There is this woman, Phyllis, whom I met on one of my first routes. Something about her touched me. She seemed so fragile, so emotional. So, so alone and with a litany of health issues (read aging). She’s tiny and wears a Phyllis Diller wig - seriously (Phyllis/Phyllis). But I could also see, somehow, the bits and pieces in her that were strong, creative, interested, the mosaic of a full life. She told me she was born and raised in New York. As an adult she lived in Vermont, where her husband had been a dean at Bennington College. She taught piano. She was a child prodigy, she said. Both he and her other husband have long since passed away. The most recent almost twenty years ago now. She alluded to tragedy with a child. She has one son. He lives in Connecticut with his wife. He is a published literary something or another. They have no children. She made a point to mention that more than once.
She said she was raised Jewish but later saw Jesus and even, at some point along the way, had a ministry (she sent me off with a God book on that visit).
She told me of her failing body, lots of doctor’s appointments, lots of details. She told me her mind was going.

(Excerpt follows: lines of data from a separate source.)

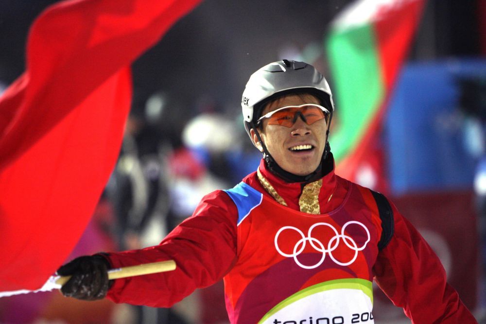 ↑2006年2月23日,韩晓鹏在都灵冬奥会自由式滑雪男子空中技巧比赛中夺得金牌。
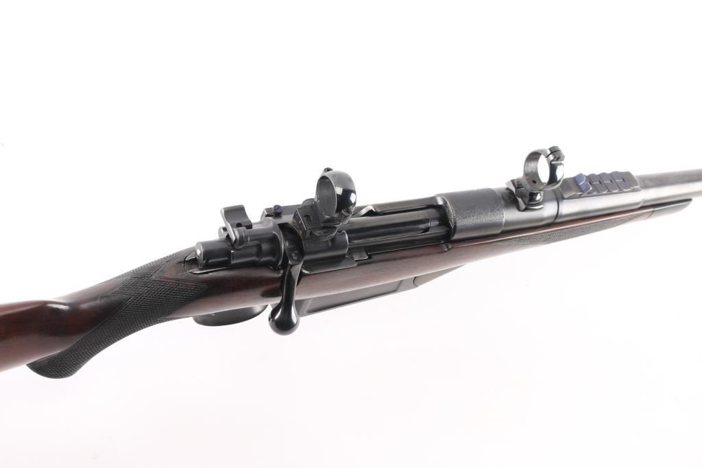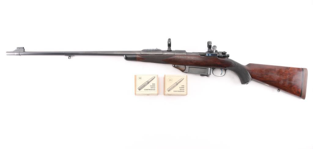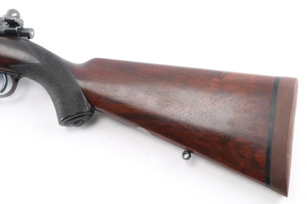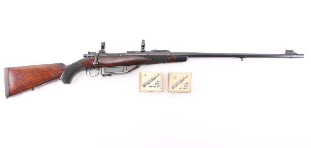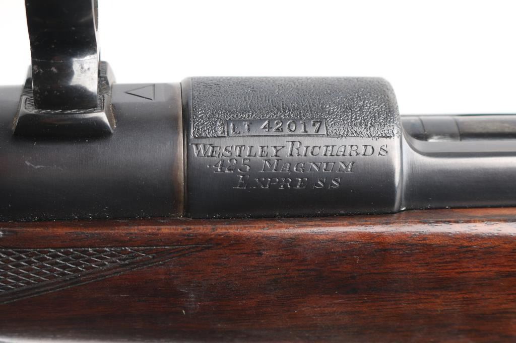 SN: LT42017 Desirable, pre-war, bolt action sporting rifle chambered in .425 Westley Richards Magnum Express. Manufactured in London, England circa 1928 with serial number prefix LT for Leslie Taylor, Managing Director of WR at the time and developer of the .425 cartridge. Features a blued finish, 28" tapered barrel with soldered sling eye, fully-banded front sight base with removable bead top blade sight, pivoting hood & flip-up glooming sight, island rear express sight on sleeve with one standing & four folding leaves marked for 100, 200, 300, 400 & 500 yards, claw scope bases with 1” rings, standard length large ring mauser action with thumb cut, turned down bolt handle with checkered flat panel on the knob, three-position Mauser safety marked “SAFE”, smooth curved trigger, latch release drop-box magazine with clips & horn shrouded hinge, multi-point hand checkered select walnut semi-pistol stock with horn forend tip, horn grip cap w/ storage compartment, inlayed oval escutcheon, installed sling eye, Decelerator recoil pad & 13 7/8" LOP. Weight: 9.2 lbs. The barrel is engraved "WESTLEY RICHARDS & Co. LONDON." & [Golden Triangle] on the Nocks form and the receiver ring is stamped "LT 42017” & engraved “WESTLEY RICHARDS/.425 MAGNUM/EXPRESS”. Rifle retains approximately 97% of its blued refinish showing a few scattered blemishes and contact wear on the bolt. The action is smooth, the bore is bright with good rifling, the markings are clear, and the wood stock is very good with minor blemishes & repair to the top of the wrist. Includes 20 rounds of ammo from Westley Richards, one box of 410gr round capped bullets and one box of 410 gr solid bullets.Condition is NRA Very Good as refinished.***C&R Firearm***
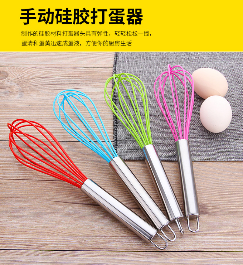 现货厨房小工具10寸硅胶打蛋器手动鸡蛋搅拌器创意手摇搅蛋器
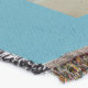 A quality printed throw has its advantages. This is a much finer weave throw than its loopier cousins, and though lighter, it is worth the investment for custom room accessorizing. The back is much prettier than the typical brown, and the fringe on the long sides very vivid, the selvage nicely done. Before photographing, I washed the throw in cold water, delicate, with a thicker woven throw the same size. On tumble dry low, this throw was dry in half the time as the other. This is a very practical quality if you use throws for furniture covers or to wrap up in frequently. The sleekness of the fabric makes it a great layer for accenting or protecting without the feeling of sitting on too much stuff. Perfect for napping or when you feel a light chill coming on. The color printing is beautiful and on this fabric, matched the design and color of my Photoshop image. This is an advantage for blending room fabrics and colors. The fringe on the short sides prints the colors from the design image and therefore varies from the side fringe. I streaked a white fractal line through the plaid pattern to give the illusion of weaving. This printed as crisp as an illusory thread, and put some white in the short side fringe, showing another advantage of print vs loomed- for artistic purposes, line lines, detail, and color integrity can be planned and preserved. My loomed throws have color limitations and more of a needlepoint texture. Print throws reproduce an exact image. The throw felt a little stiff straight out of the package, but this went away in the first delicate wash. Of course I searched the wash water for ink or bleeding and there was none.
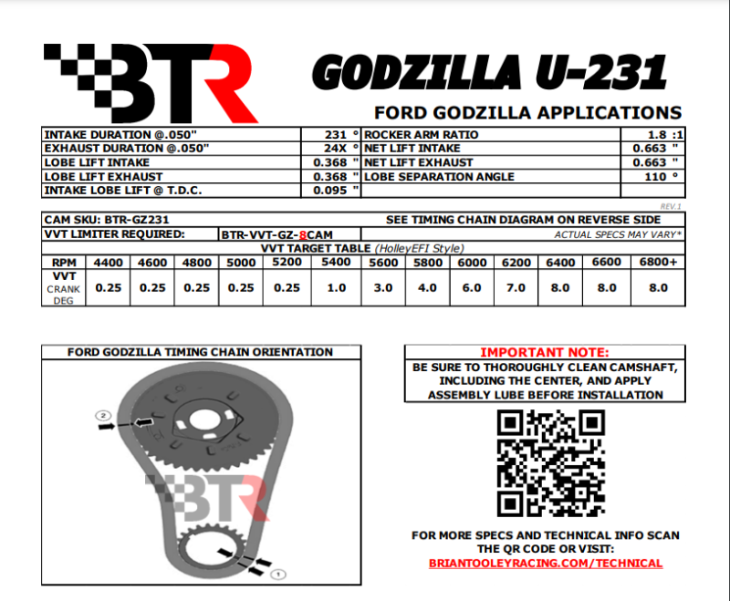 Note: To take advantage of this grind, it is imperative to utilize VVT control and engine tuning. A proper calibration with attention to detail in this respect will make this camshaft SHINE! *See Cam Card for recommended Holley VVT Target Table.*
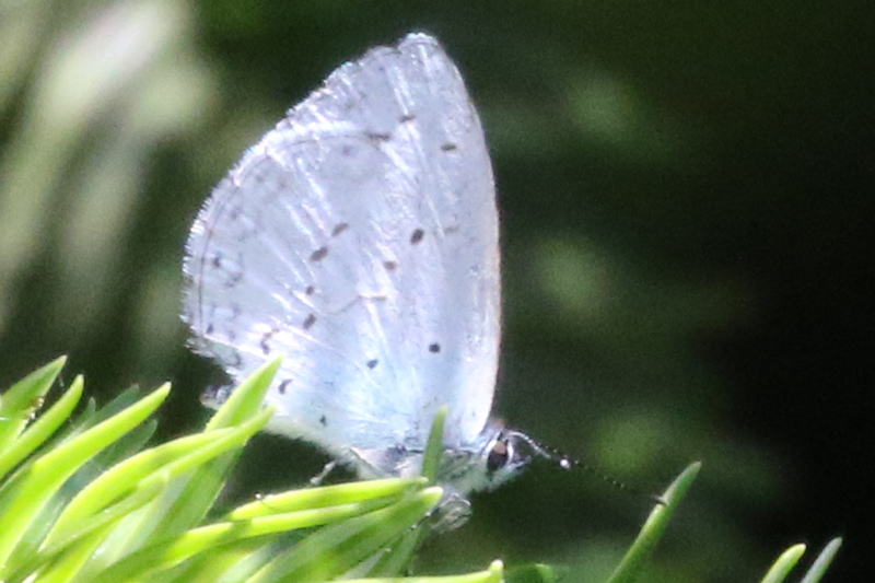 メモmemo : 台湾の碧緑神木で蝶探しをしているとき見つけました。日本のルリシジミとよく似ていますが、翅裏の肛角付近の黒点がV字形に付いていて、胴体付近に青光沢があります。1500m以上の高地に生息しているとのことです。
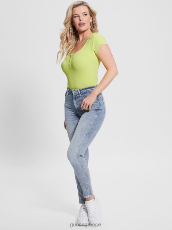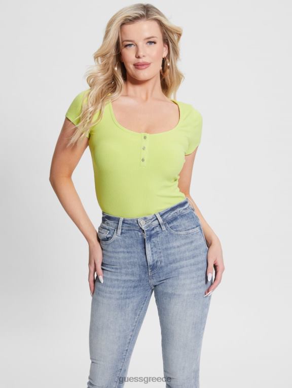 GUESS γυναίκες eco karlee henley μπλουζάκι σκονισμένο ακτινίδιο ενδύματα J46DJ1140
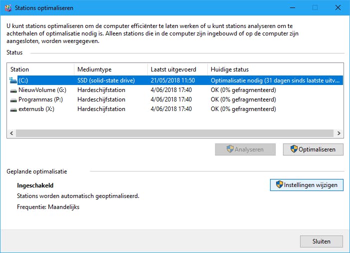 Je hoeft echter niet wakker te liggen van deze materie: Windows is namelijk wel zo slim om zelf voor een regelmatige defragmentatie te zorgen. Dat heb je snel genoeg gecheckt. Start de Verkenner, klik op Deze pc en klik een station met de rechtermuisknop aan. Kies Eigenschappen, ga naar het tabblad Extra en klik op Optimaliseren. Je kunt nu de instellingen van de aangesloten stations bekijken. Via Instellingen wijzigen / Gepland uitvoeren kun je een geschikte frequentie instellen (zoals Maandelijks). Je hoeft overigens niet bang te zijn dat Windows ook ssd’s gaat defragmenteren: op deze schijven beperkt het OS zich tot andere optimalisaties met behulp van het trim-commando.
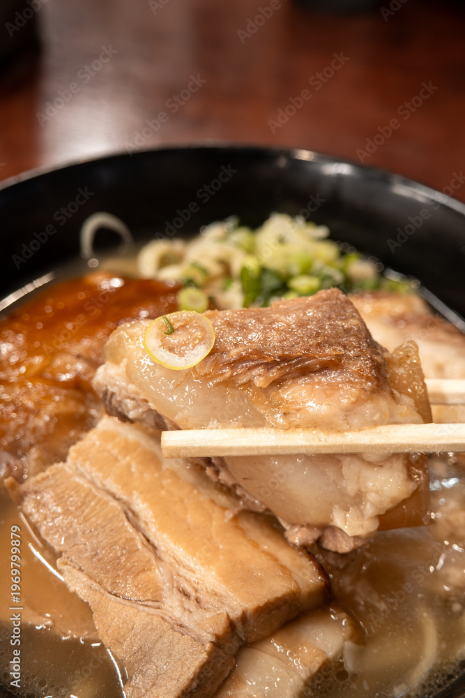 Traditional Okinawa Soba noodle soup with pork belly and ribs in a black bowl. #1969799879
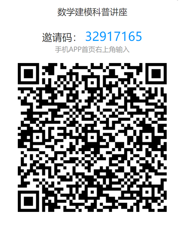 为了在全校进一步普及和强化数学建模素养,激发学生利用数学理论解决应用实践问题,拓展大学生视野,同时为数学建模五一校赛做好普及入门工作,在教务处、研工部/研究生院、学生工作处、校团委的大力支持下,数学与统计学院计划于四月份的每周周末面向在校本科生、研究生开展“漫谈数学建模”系列科普讲座。考虑到疫情防控的需要,讲座时间安排在周末晚上线上进行。讲座计划和学习通培训通知群二维码如下所示:
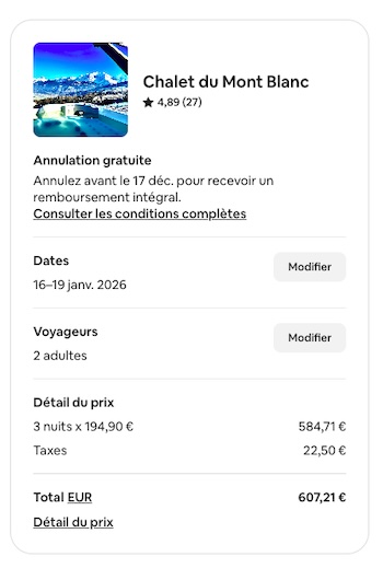 Exemple de séjour du 16 au 19 janvier 2026 :
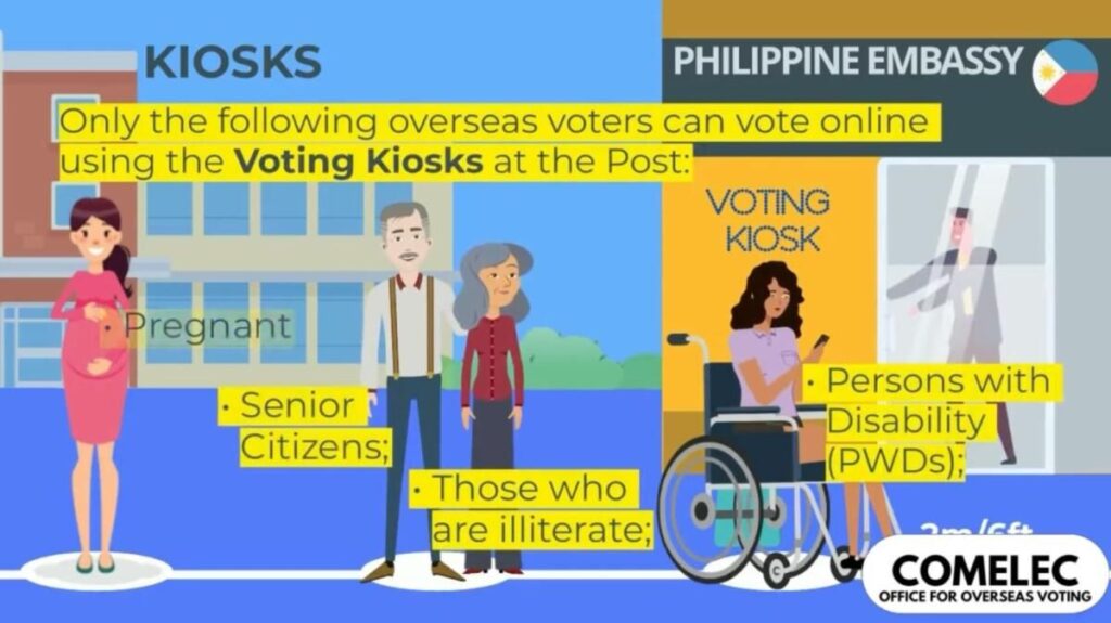 Comelec’e göre, yalnızca aşağıdaki denizaşırı seçmenler, yabancı misyonlardaki oylama kiosklarını kullanarak çevrimiçi oy kullanabilirler: yaşlılar, hamileler, okuma yazma bilmeyenler ve engelliler (özürlüler).
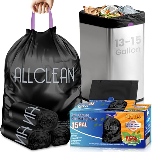 Trash Bags 15 Gallon Tall Kitchen Drawstring Garbage Bags,Fit 13-15 Gal Bins,Extra Strong&Leak-Proof,Unscented&Recyclable Trash Can Liners for Home Office Industrial Bathroom Garden Lawn(Black)
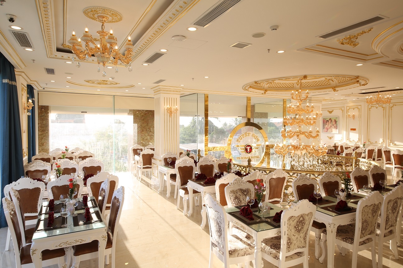 - Sức chứa 100 khách, với thực đơn Âu – Á phong phú, hải sản tươi sống được chế biến tài tình từ đầu bếp nổi tiếng tại Tuyết Sơn Hotel, đặc biệt luôn phục vụ các món cơm Việt Nam cho những đoàn khách lớn, có sở thích khám phá ẩm thực Việt truyền thống.
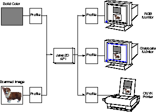 Figure 6-3 illustrates how a solid color and a scanned image are passed to the Java 2D API, and how they are displayed by various output devices. As you can see in Figure 6-3, both the input color and the image have profiles attached.
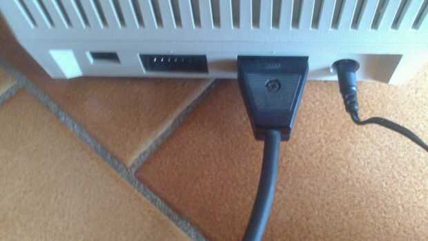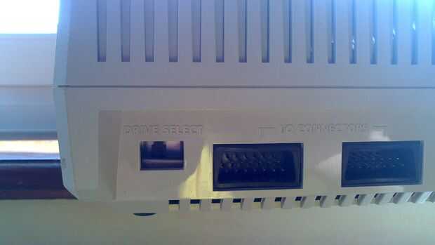 Conecte un lado del cable serie en el puerto serie del ordenador, luego en el conector derecho de la unidad de disquete (vista lateral trasera, ver fotos). Buscar en el conector del interruptor de dirección en la parte posterior (a la izquierda), si muestra un interruptor negro. Si no (o si ves un interruptor gris), utilice un destornillador para hacerlo se ve como la imagen.

When I left on the day I met Phyllis, I couldn’t get her out of my head. All alone in that big building with bright, neon lights. In that teeny apartment, filled with borderline hoarder-level amounts of Stuff. Being cognizant she was losing cognizance. I returned to Meals on Wheels and requested the same route from then on so I could see Phyllis each week.
Well, on my most recent visit, she was unusually emotional. I knew she wanted someone to talk to. To talk about this and that, a couple of doctor’s appointments, but mostly old stories of her past. I think to prove who she was. That she was anyone but who she is now.
She showed me photographs of her late husband, their beautiful converted farm house in Vermont with a yard filled with hydrangeas, a photo of her son with his wife, one of her, young, at a piano - she was quite striking. Then she showed me a photograph of her daughter. A small, wallet-sized graduation photo of a pretty blonde girl. I could tell from her hair, dress and the quality of the photograph it was from the eighties.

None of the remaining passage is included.